By the time Bob and I had been married for two years, he had had enough. The last time we saw the Nutcracker as a married couple with no kids (oh, the blessed D.I.N.K. years) he fell asleep before Clara did and was snoring loudly by the time the Sugarplum Fairy made her appearance. I remember being so angry with him, and we had one of those fights that D.I.N.K.s have - you know, stupid fights where you argue in the taxi all the way home to no responsibilities other than your cat and we made up in the morning, after we had slept in and got ready for brunch with friends.
Excuse me while I go sob gently in the corner for a moment and carve out my uterus with a rusty knife. Oh, all the rusty knives are somewhere outside buried 'neath the tree house, you say? Damn kids.
Anyway, when the girls were little, Nutcracker time was really special for
This year, after Christmas shopping for items like night-vision goggles and duct tape, I took the girls out to The Nutcracker as is our custom.
Me: [clapping hands together] Oh, don't you girls look beautiful! Honey, take a picture!
Maddie: I am way overdressed mom. Can I wear jeans?

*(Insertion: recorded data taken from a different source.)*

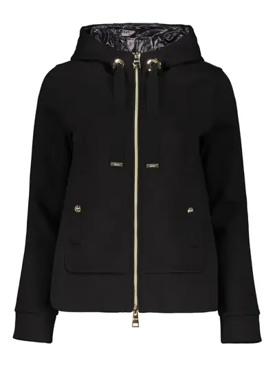 black front two-way zip fastening drawstring hood two press-stud fastening side pockets logo plaque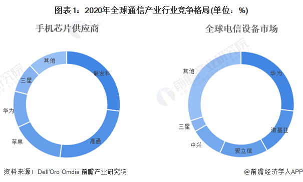 1、全球通信产业竞争格局:三星、华为、高通为全球领先的通信企业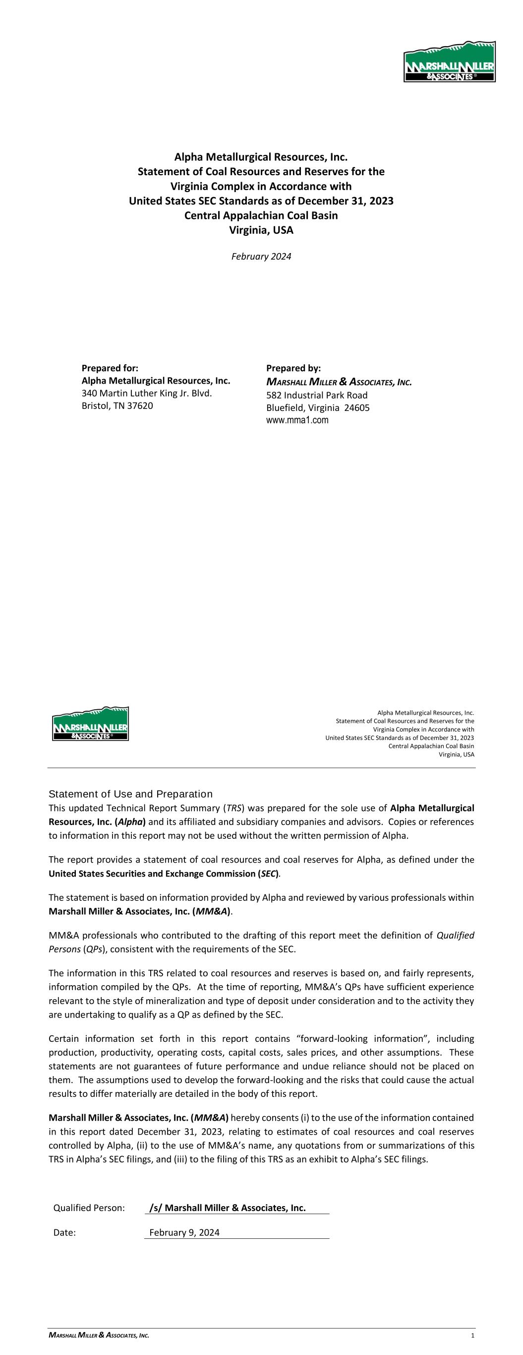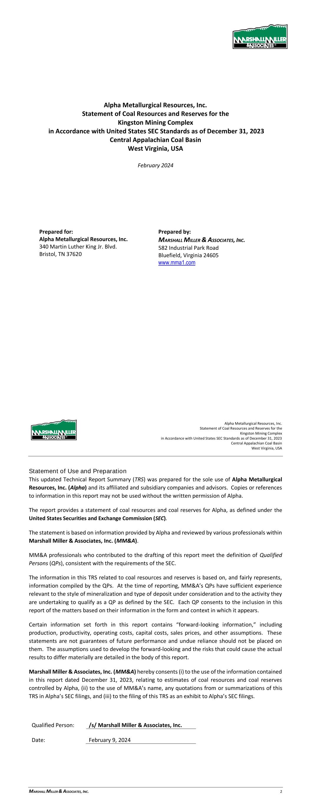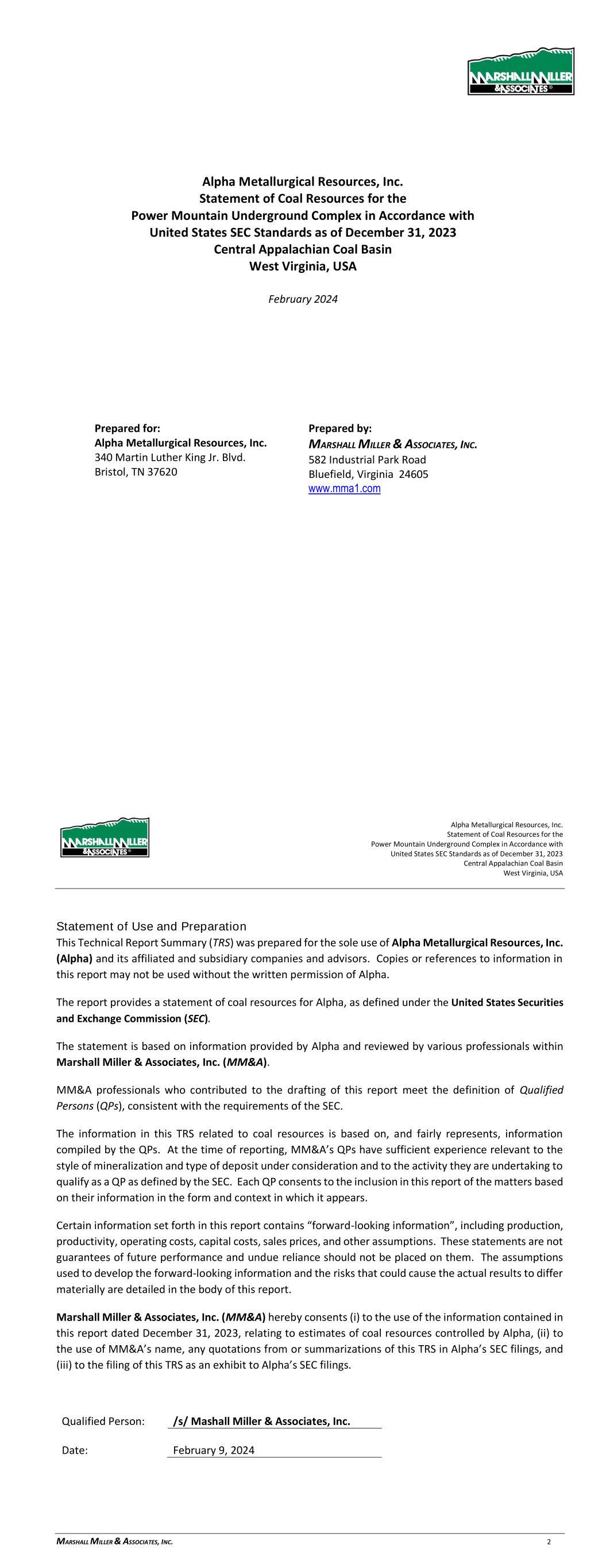 Alpha Metallurgical Resources, Inc. Statement of Coal Resources for the Power Mountain Underground Complex in Accordance with United States SEC Standards as of December 31, 2023 Central Appalachian Coal Basin West Virginia, USA February 2024 Prepared for: Alpha Metallurgical Resources, Inc. 340 Martin Luther King Jr. Blvd. Bristol, TN 37620 Prepared by: MARSHALL MILLER & ASSOCIATES, INC. 582 Industrial Park Road Bluefield, Virginia 24605 www.mma1.com Alpha Metallurgical Resources, Inc. Statement of Coal Resources for the Power Mountain Underground Complex in Accordance with United States SEC Standards as of December 31, 2023 Central Appalachian Coal Basin West Virginia, USA MARSHALL MILLER & ASSOCIATES, INC. 2 Statement of Use and Preparation This Technical Report Summary (TRS) was prepared for the sole use of Alpha Metallurgical Resources, Inc. (Alpha) and its affiliated and subsidiary companies and advisors. Copies or references to information in this report may not be used without the written permission of Alpha. The report provides a statement of coal resources for Alpha, as defined under the United States Securities and Exchange Commission (SEC). The statement is based on information provided by Alpha and reviewed by various professionals within Marshall Miller & Associates, Inc. (MM&A). MM&A professionals who contributed to the drafting of this report meet the definition of Qualified Persons (QPs), consistent with the requirements of the SEC. The information in this TRS related to coal resources is based on, and fairly represents, information compiled by the QPs. At the time of reporting, MM&A’s QPs have sufficient experience relevant to the style of mineralization and type of deposit under consideration and to the activity they are undertaking to qualify as a QP as defined by the SEC. Each QP consents to the inclusion in this report of the matters based on their information in the form and context in which it appears. Certain information set forth in this report contains “forward-looking information”, including production, productivity, operating costs, capital costs, sales prices, and other assumptions. These statements are not guarantees of future performance and undue reliance should not be placed on them. The assumptions used to develop the forward-looking information and the risks that could cause the actual results to differ materially are detailed in the body of this report. Marshall Miller & Associates, Inc. (MM&A) hereby consents (i) to the use of the information contained in this report dated December 31, 2023, relating to estimates of coal resources controlled by Alpha, (ii) to the use of MM&A’s name, any quotations from or summarizations of this TRS in Alpha’s SEC filings, and (iii) to the filing of this TRS as an exhibit to Alpha’s SEC filings. Qualified Person: /s/ Mashall Miller & Associates, Inc. Date: February 9, 2024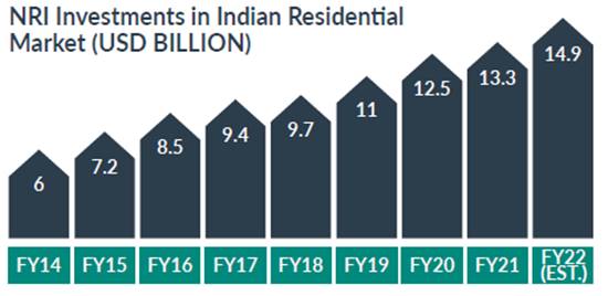 NRI investments in FY 14 were pegged at $6 billion. Since then, they have gone from strength to strength, reaching $13.3 billion in FY 21, growing by a CAGR of slightly over 12%. Investments from the NRI will continue to spiral upwards in the coming quarters. The pivot to digital will be a major game-changer. In the wake of the current crisis, both developers and brokerages have understood the significance of building digital assets across the value chain.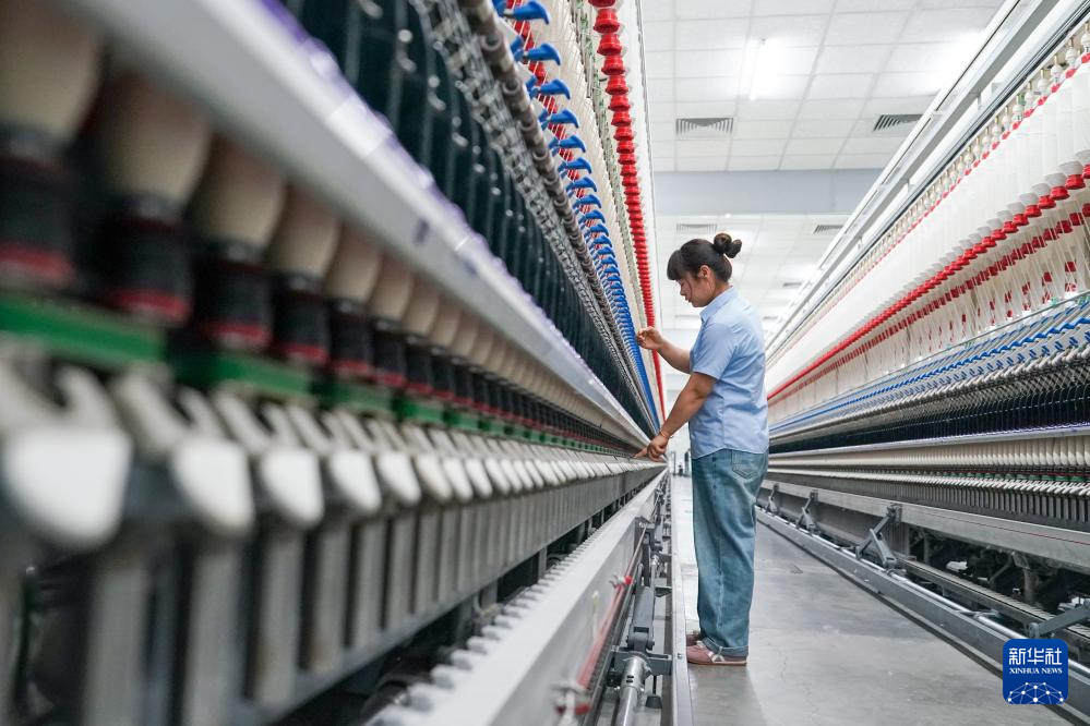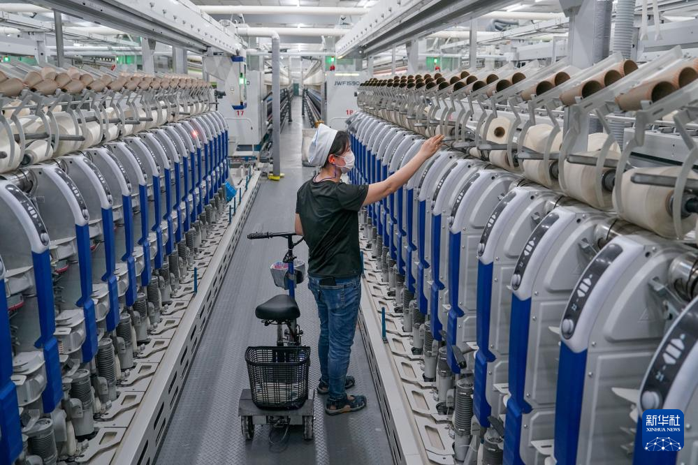 工人在江苏悦达纺织集团智能生产车间内工作(3月25日摄)。新华社记者 李博 摄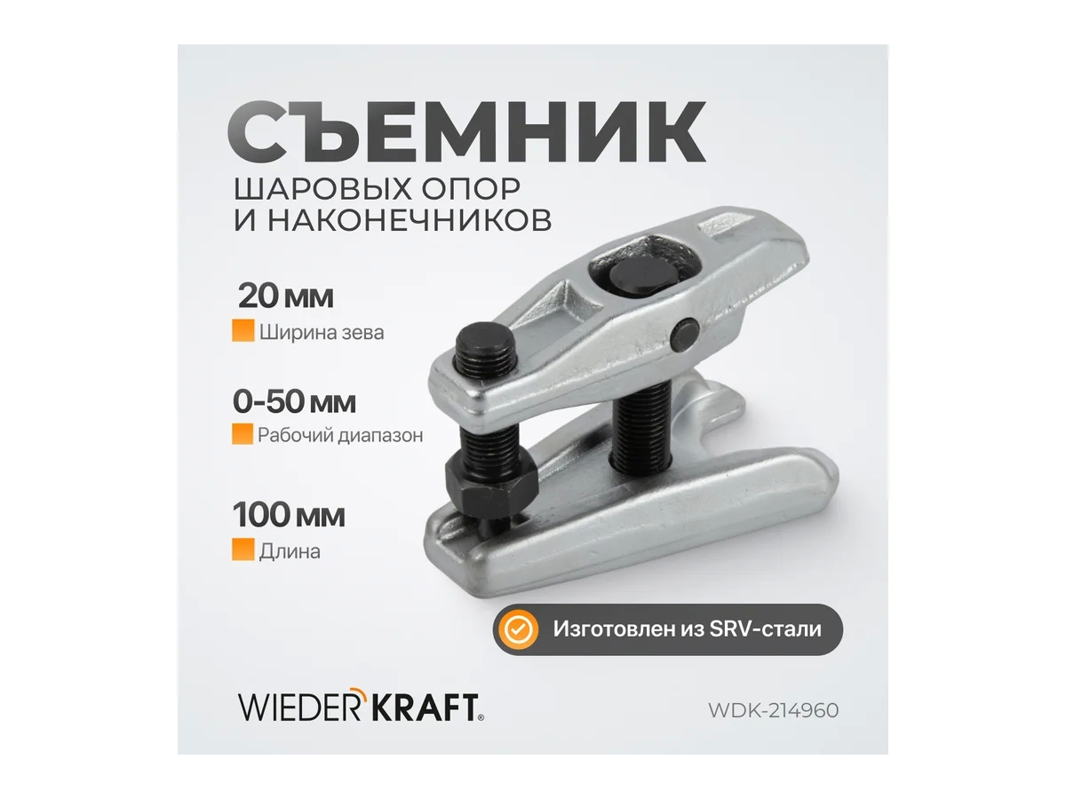 Съемник шаровых опор WIEDERKRAFT WDK-214960 представляет собой специализированный демонтажный инструмент для рулевых тяг и шаровых опор. Он имеет компактный размер, что позволяет использовать его в труднодоступных местах с ограниченным пространством, ширина зева регулируется в диапазоне от 18 до 22 мм, обеспечивая универсальное применение.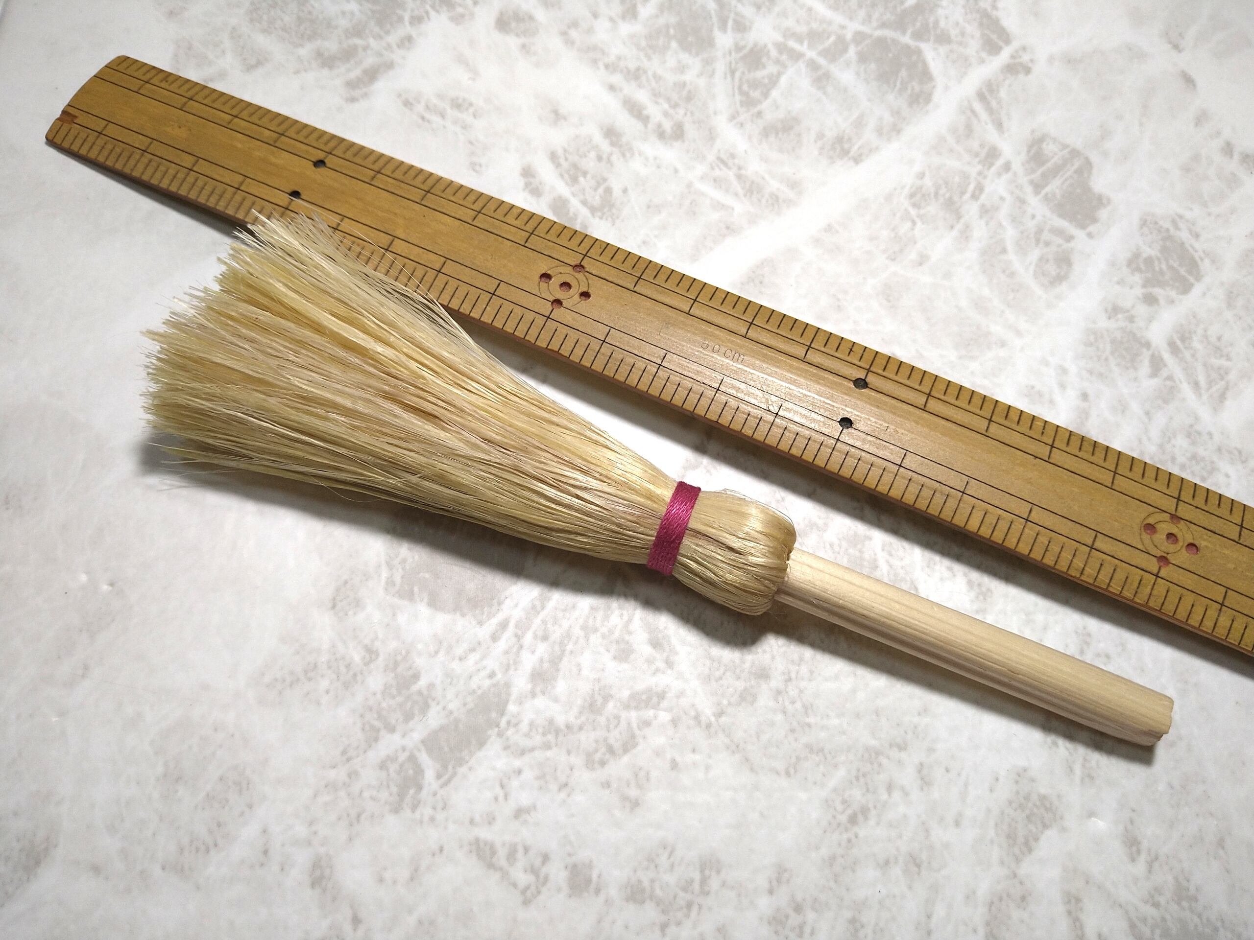 精麻と麻幹で作ったミニ箒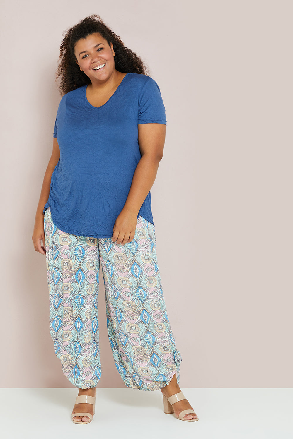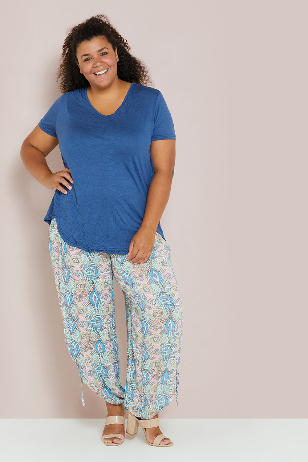 With a v neck, short sleeves and curved hem, the design is easy fitting and comfortable. The stretch cotton jersey is soft and low maintenance, you'll enjoy having this piece on hand for easily styled outfits.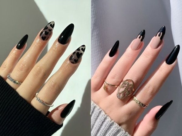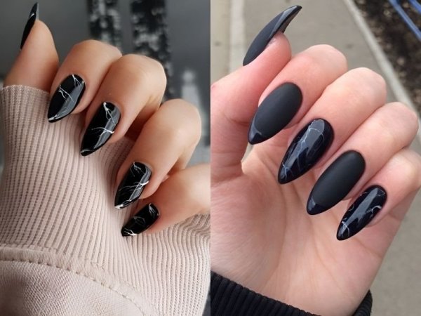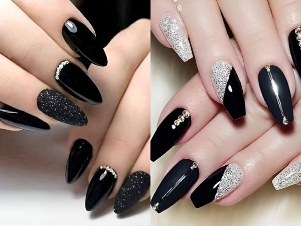 Nếu bạn yêu thích phong cách sang trọng, quyến rũ thì hãy thử ngay cho mình mẫu nail móng dài màu đen nhé. Màu nail này phù hợp với mọi tông da, từ da ngăm, da trung bình đến da sáng. Bạn có thể lựa chọn kiểu sơn bóng hoặc sơn lì, ngoài ra việc kết hợp với đính đá, vẽ họa tiết, mix nhũ sẽ giúp bộ nail của bạn trở nên long lanh và đẹp mắt hơn.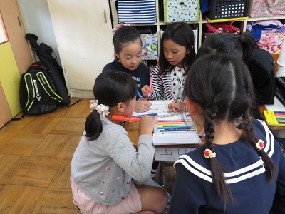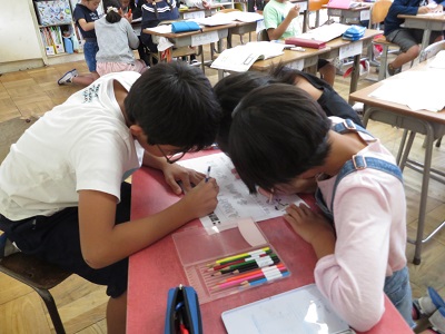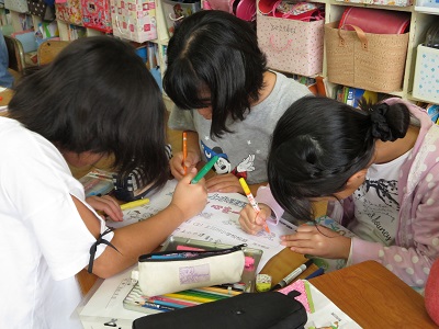 今年は、4年生が各クラス5枚ずつ、色を塗ったりメッセージを書いたりしました。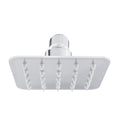 Regadera de plato cuadrado de 4” sin brazo y chapetón. Cuerpo en acero inoxidable 304 . Acabado cromo. Trabaja a baja presión (0.2 a 1 kg/cm2). Garantía de 3 años sobre defectos de fabrica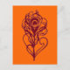 Burgundy peacock feather postcard. Background colour can be customised.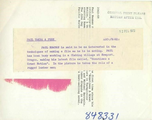 Paul Newman Directing by movie camera Sometimes A Great Notion Original Photo 1972 with paper caption snipe on verson in VG/Nera Mint Condition This item is an ORIGINAL 8x10 photo from the historic archives of Silver Screen Mementos. This original photograph was made in the actual year the film, television show or event was produced. The movie studios produced publicity photographs for distribution to the press, photo agencies and publicity departments to advertise the film/tv show or event. Very often original photos have press release information on the reverse of the photo - movie credits, description of the scene, event and people involved. This is a historic piece of cinema art and is being offered from one collector to another, no rights given or implied. Silver Screen are gradually releasing thousands of Original Photographs, Transparencies, Negatives, Lobby Cards, Posters, Magazines and other memorabilia from our historic archive. Powered by SixBit's eCommerce Solution Listing and template services provided by inkFrog
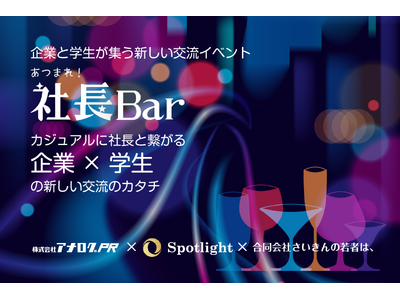 「企業の情報と印象をデザインする」をコンセプトに掲げ、メディアとWEBとオフラインを融合させたマーケティング戦略を提供する、株式会社アナログPR(本社:東京都港区、代表取締役:松浦啓介)は、株式会社Spotlight(代表取締役:松本隼和)および合同会社さいきんの若者は(本社/代表取締役:宮本伊織)と共同で、企業と学生が集う新しい交流イベント「社長Bar カジュアルに社長と繋がる企業×学生の新しい交流のカタチ」を2025年3月4日に開催いたしました。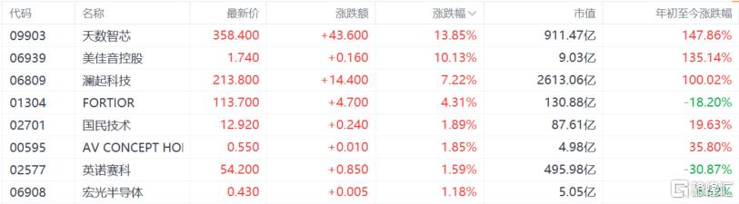 港股天数智芯大涨超13%,刷新上市新高,月内累计升幅超70%;澜起科技涨超7%。
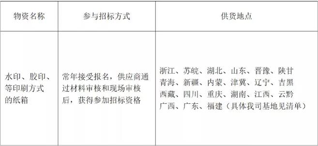 2月26日,杭州娃哈哈集團發布了2019年紙箱供應商征集公告,全國紙箱需求額約20億元。在今年61個紙箱配套生產基地中,有20個基地緊缺優秀供應商,有意向的紙箱廠趕緊報名。 一、招標物資

Chloe: I like wearing my dress mom. In fact, I love it [snarky look at sister].
Later, at the theater...
Me: [attempting to hold their hands, which keep slipping out of mine in between bouts of heavy sighing and hissed whispering of Moooom, not here, okay!] Sniff, this is just so special, girls. I want you to know I treasure these moments, where it's just the three of us, and we're having...
Maddie: Oh my God! It's Hannah and Leah! They will think I am such a dork for wearing this dress! [slinks down in seat and zips up parka over head]
Chloe: Hannah! Leah! Over here!
Me: You look beautiful! No one in this small town dresses up for anything anymore, I say let's set the bar higher, ladies!
Maddie: [muffled, under parka] I am so embarassed. This is so lame.
Chloe: Mom, Maddie has hair in her armpits.